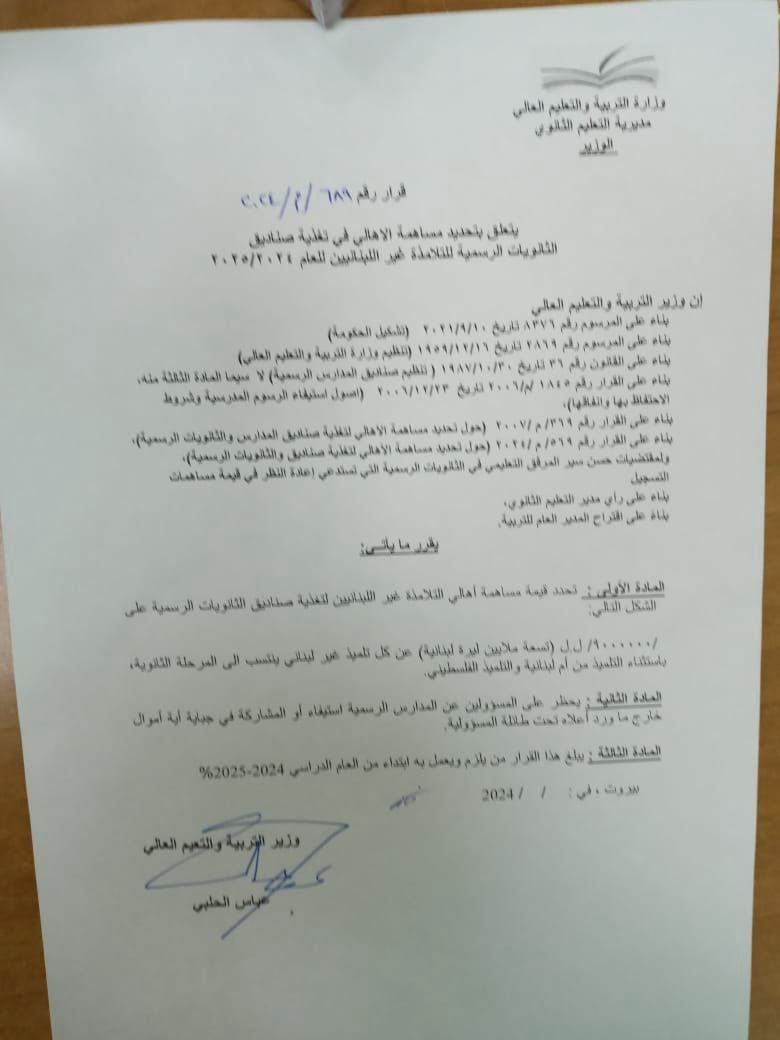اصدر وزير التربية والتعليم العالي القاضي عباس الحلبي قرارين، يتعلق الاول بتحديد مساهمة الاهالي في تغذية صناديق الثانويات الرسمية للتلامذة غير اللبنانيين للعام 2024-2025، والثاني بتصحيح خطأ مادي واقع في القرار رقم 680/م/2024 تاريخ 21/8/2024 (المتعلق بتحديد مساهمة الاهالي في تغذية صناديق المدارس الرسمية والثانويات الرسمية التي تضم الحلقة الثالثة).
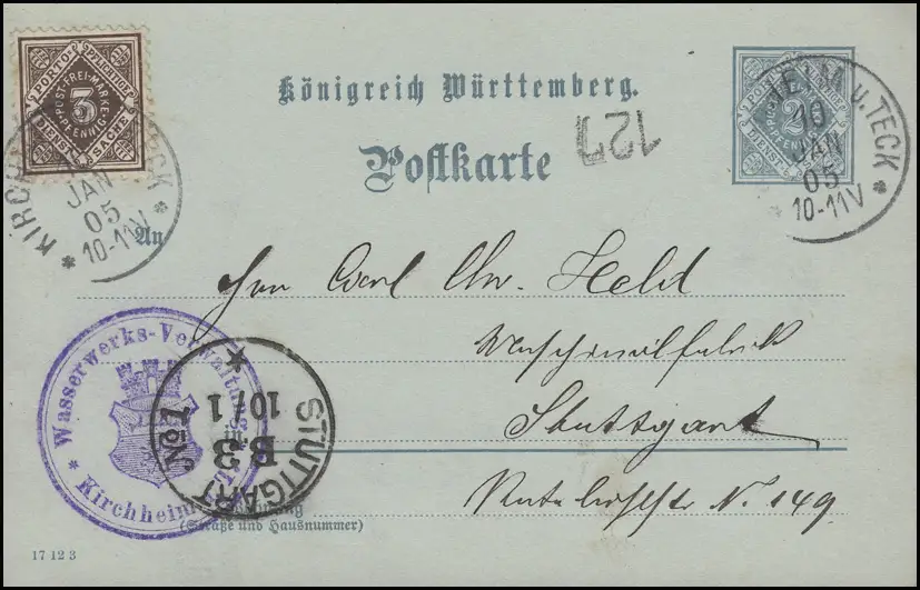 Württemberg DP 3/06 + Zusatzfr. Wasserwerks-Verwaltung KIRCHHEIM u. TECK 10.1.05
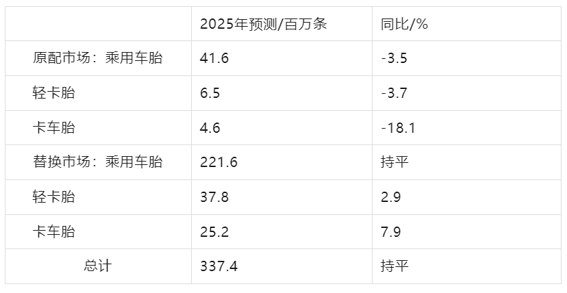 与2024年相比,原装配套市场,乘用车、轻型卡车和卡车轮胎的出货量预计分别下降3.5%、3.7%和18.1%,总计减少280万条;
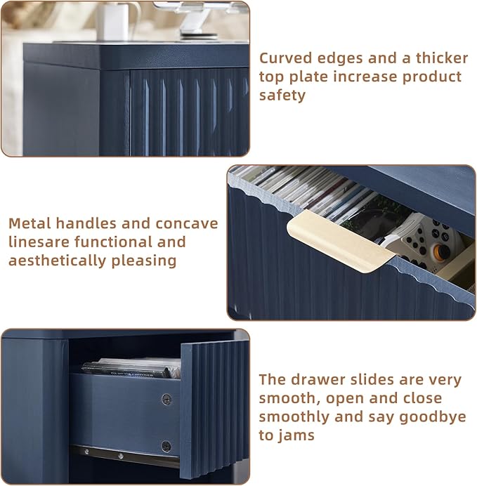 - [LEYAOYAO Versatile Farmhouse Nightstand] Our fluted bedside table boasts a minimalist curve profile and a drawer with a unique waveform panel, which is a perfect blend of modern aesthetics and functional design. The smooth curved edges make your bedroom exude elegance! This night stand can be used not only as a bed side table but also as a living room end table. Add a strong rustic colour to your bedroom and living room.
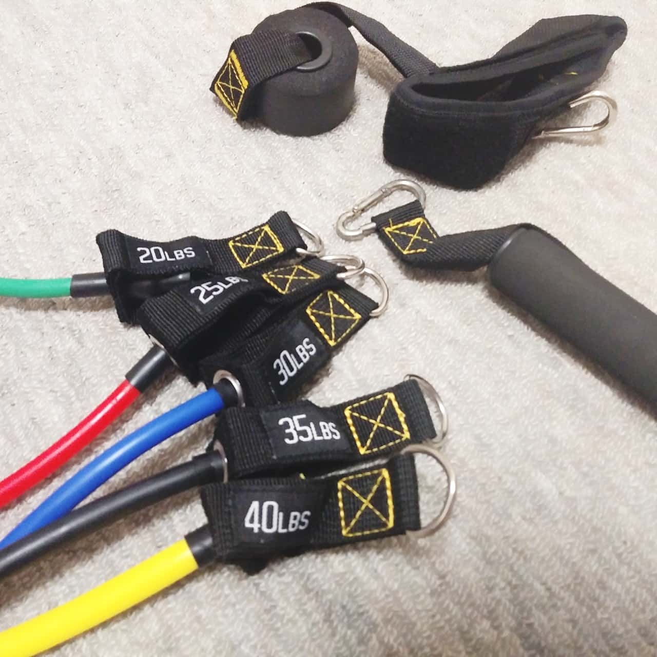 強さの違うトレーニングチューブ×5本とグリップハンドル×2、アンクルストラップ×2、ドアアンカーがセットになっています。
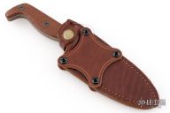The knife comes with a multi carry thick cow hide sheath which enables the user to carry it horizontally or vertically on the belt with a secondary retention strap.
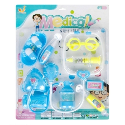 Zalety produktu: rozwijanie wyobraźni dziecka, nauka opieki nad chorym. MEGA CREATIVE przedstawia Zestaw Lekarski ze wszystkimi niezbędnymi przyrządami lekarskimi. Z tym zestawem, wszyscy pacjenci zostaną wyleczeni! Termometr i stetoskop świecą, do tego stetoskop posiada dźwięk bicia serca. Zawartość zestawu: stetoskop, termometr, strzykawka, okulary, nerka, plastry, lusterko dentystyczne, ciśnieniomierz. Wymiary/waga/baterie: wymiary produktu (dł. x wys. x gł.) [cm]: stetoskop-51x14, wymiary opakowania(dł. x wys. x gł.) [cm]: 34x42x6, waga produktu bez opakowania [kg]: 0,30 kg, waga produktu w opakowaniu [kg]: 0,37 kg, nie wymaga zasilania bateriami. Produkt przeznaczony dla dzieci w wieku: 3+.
---
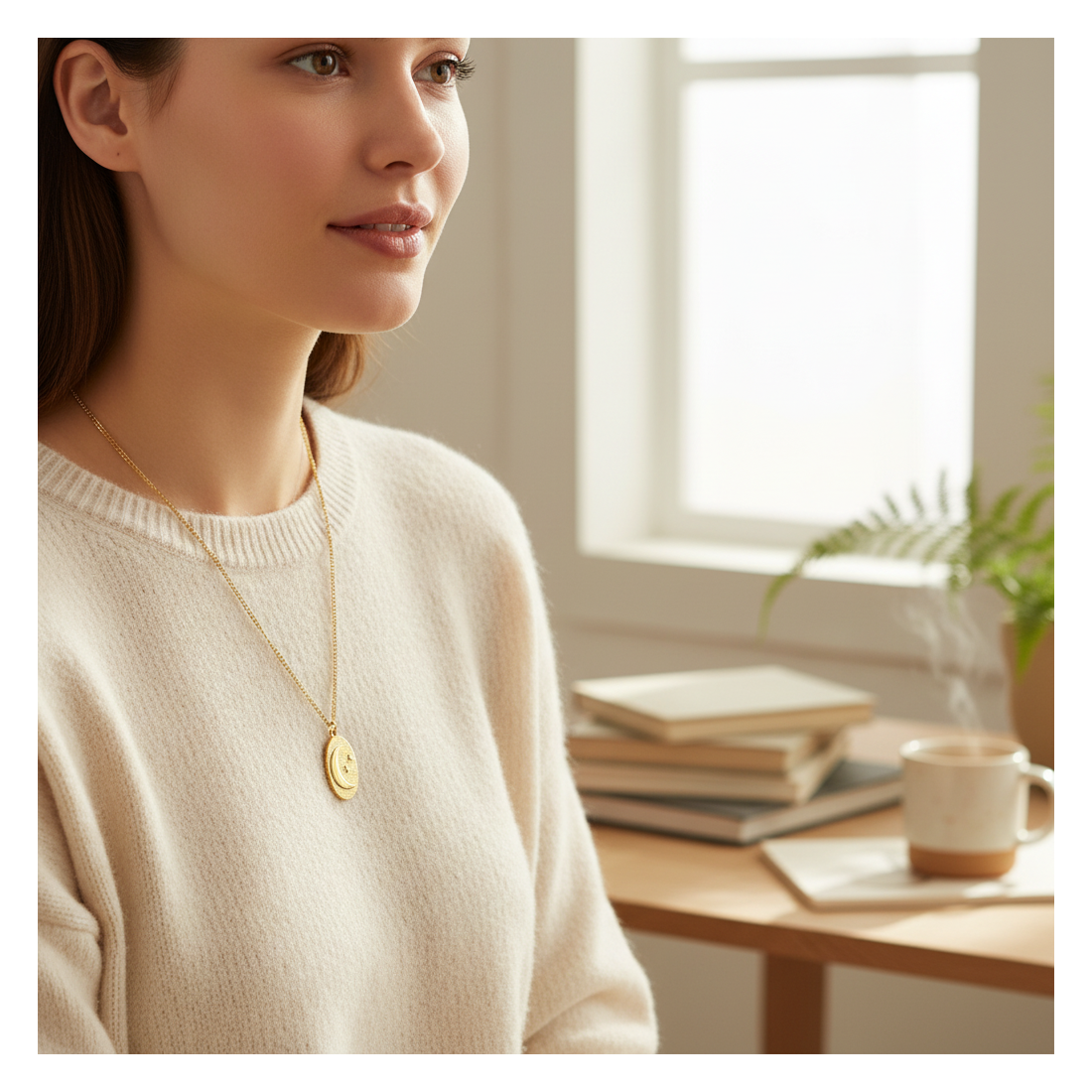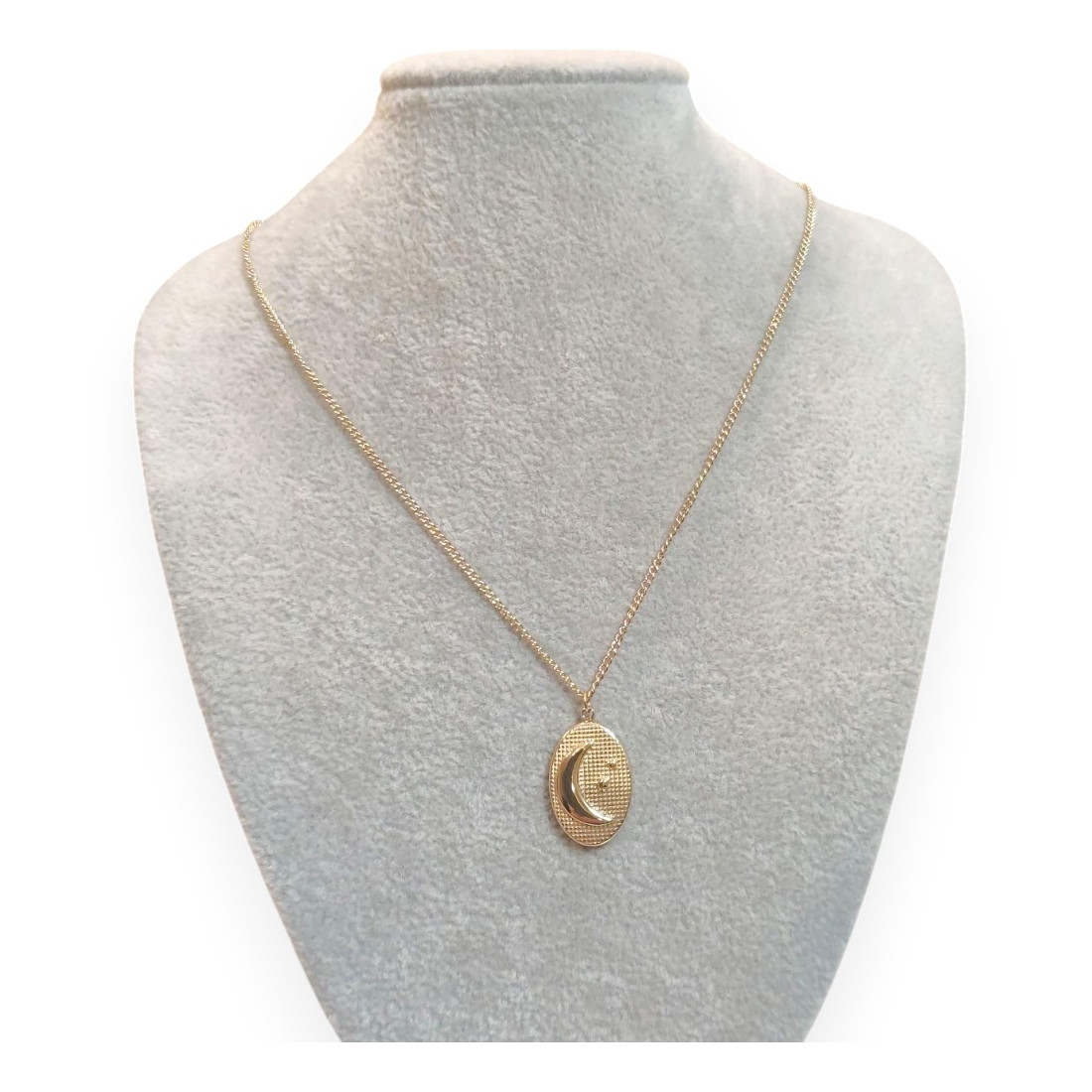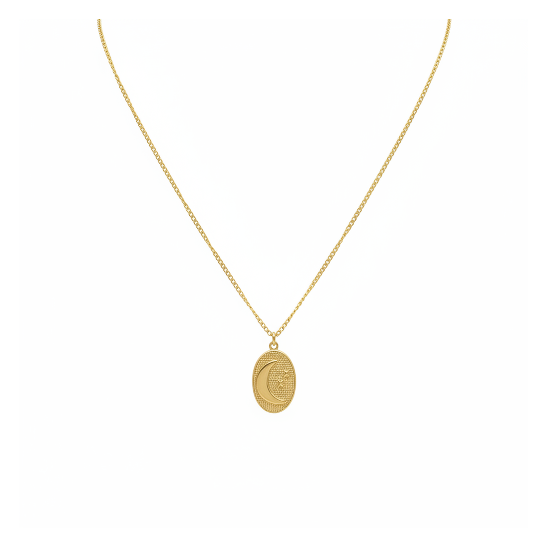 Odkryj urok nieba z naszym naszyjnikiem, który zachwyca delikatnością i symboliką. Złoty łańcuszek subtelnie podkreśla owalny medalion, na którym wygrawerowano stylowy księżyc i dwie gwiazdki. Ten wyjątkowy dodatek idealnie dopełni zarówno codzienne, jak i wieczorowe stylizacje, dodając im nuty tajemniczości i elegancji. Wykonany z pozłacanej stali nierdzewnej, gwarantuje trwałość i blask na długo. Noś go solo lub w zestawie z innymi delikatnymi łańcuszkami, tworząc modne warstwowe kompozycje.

* About this task:
What is needed is an exact copy of the lines above, from the one holding "The knife comes" down to the one holding "Zalety produktu: rozwijanie", with those two included and the pictures left out.

* Answer to this exercise:
The knife comes with a multi carry thick cow hide sheath which enables the user to carry it horizontally or vertically on the belt with a secondary retention strap.
 Zalety produktu: rozwijanie wyobraźni dziecka, nauka opieki nad chorym. MEGA CREATIVE przedstawia Zestaw Lekarski ze wszystkimi niezbędnymi przyrządami lekarskimi. Z tym zestawem, wszyscy pacjenci zostaną wyleczeni! Termometr i stetoskop świecą, do tego stetoskop posiada dźwięk bicia serca. Zawartość zestawu: stetoskop, termometr, strzykawka, okulary, nerka, plastry, lusterko dentystyczne, ciśnieniomierz. Wymiary/waga/baterie: wymiary produktu (dł. x wys. x gł.) [cm]: stetoskop-51x14, wymiary opakowania(dł. x wys. x gł.) [cm]: 34x42x6, waga produktu bez opakowania [kg]: 0,30 kg, waga produktu w opakowaniu [kg]: 0,37 kg, nie wymaga zasilania bateriami. Produkt przeznaczony dla dzieci w wieku: 3+.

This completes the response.